Reach For The Pie Print
Pie Club History

They're heart attack inducing wedges of stodge, aren't they? Not at all, say the Pork Pie Appreciation Society you just have to know where to find the good ones. Peter cossins joins them down the pub in Yorkshire for a night of tasting.

You either love them or hate them. We’re talking pork pies. Irresistible to some with a lump of ched­dar and a dollop of pickle, derided by many more as fat-soaked containers of the worst bits of a pig, encased in slimy jelly and artery-clogging pastry but, according to the men of the Pork Pie Appreciation Society both camps are missing the point-which is that most people are unqualified to pass judgment on the British pork pie be­cause they have never had a proper one.

And what are the society’s credentials? Simply this: that its members have eaten their way to expertise through running their own tasting regime for more than two decades, so that today they constitute a sort of pork-pie parliament.

Every Saturday night, the society meets at its operational base in Rip­ponden, West Yorkshire-specifically in the Old Bridge Inn, one of the oldest pubs in the county to discuss world events and the more pressing matter of what makes a good pie.

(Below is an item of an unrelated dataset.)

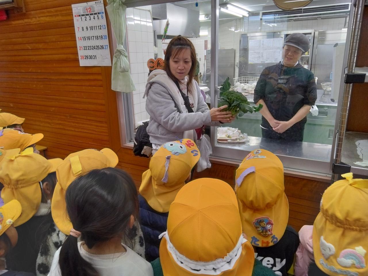 畑のブロッコリー、給食に使ってね!厨房まで届けました。(感染症予防のため、ガラス越しにお願いして、調理終了後に渡しました)
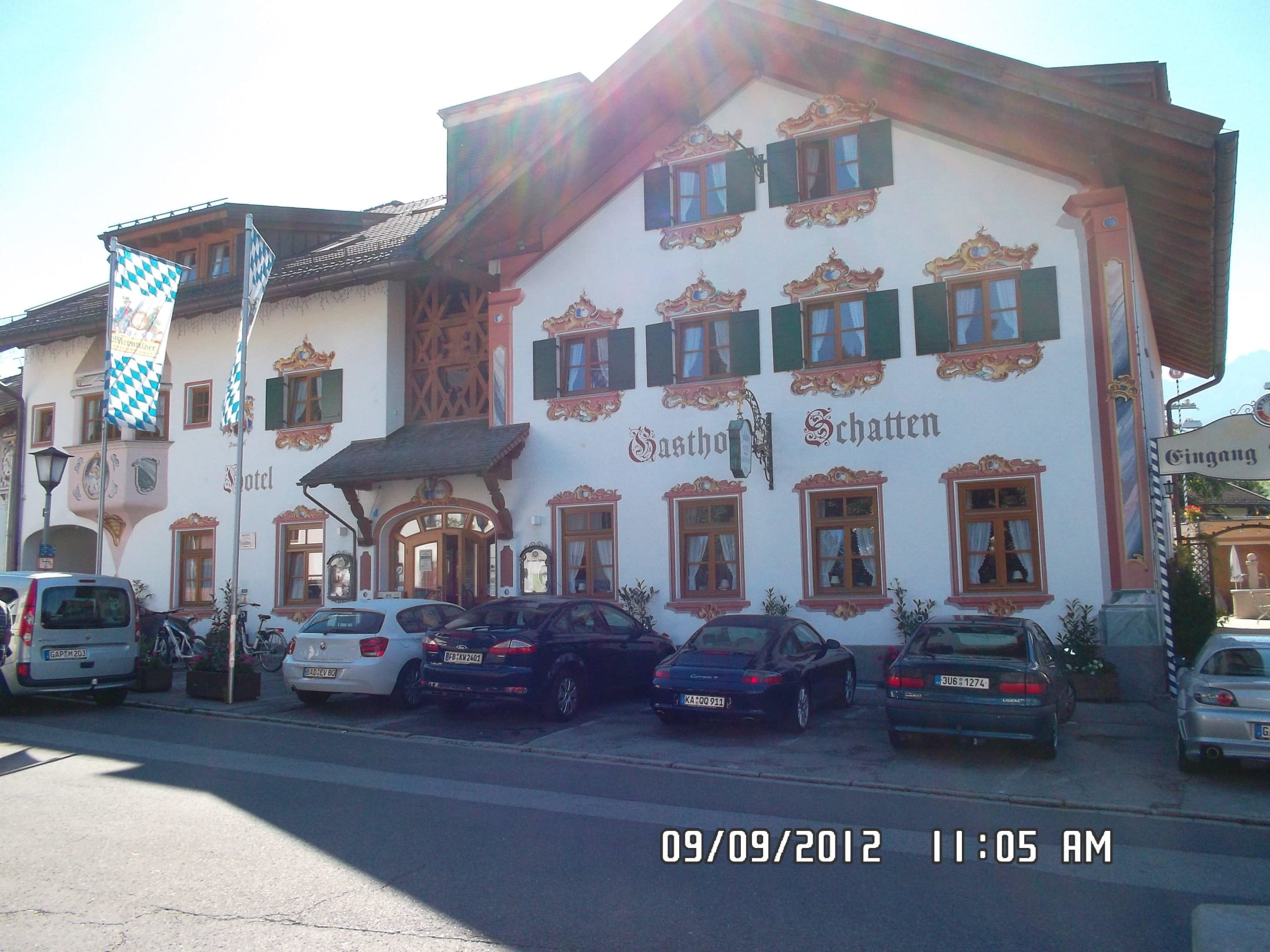 Rechts neben dem Gebäude kann man in den wunderschönen Biergarten

For a start, all supermarket-supplied pies are dismissed as the Austin Allegros of the pie world, fail­ing to meet the society’s most basic requirement of being freshly baked. What the tasters are looking for is a pie at the Rolls-Boyce level-one that looks appealing, is clad with freshly made pastry, is complemented by delicately flavoured jelly and contains a meaty heart that tastes hammy. And one that has not been chilled to the bone, but is sold and served at room temperature.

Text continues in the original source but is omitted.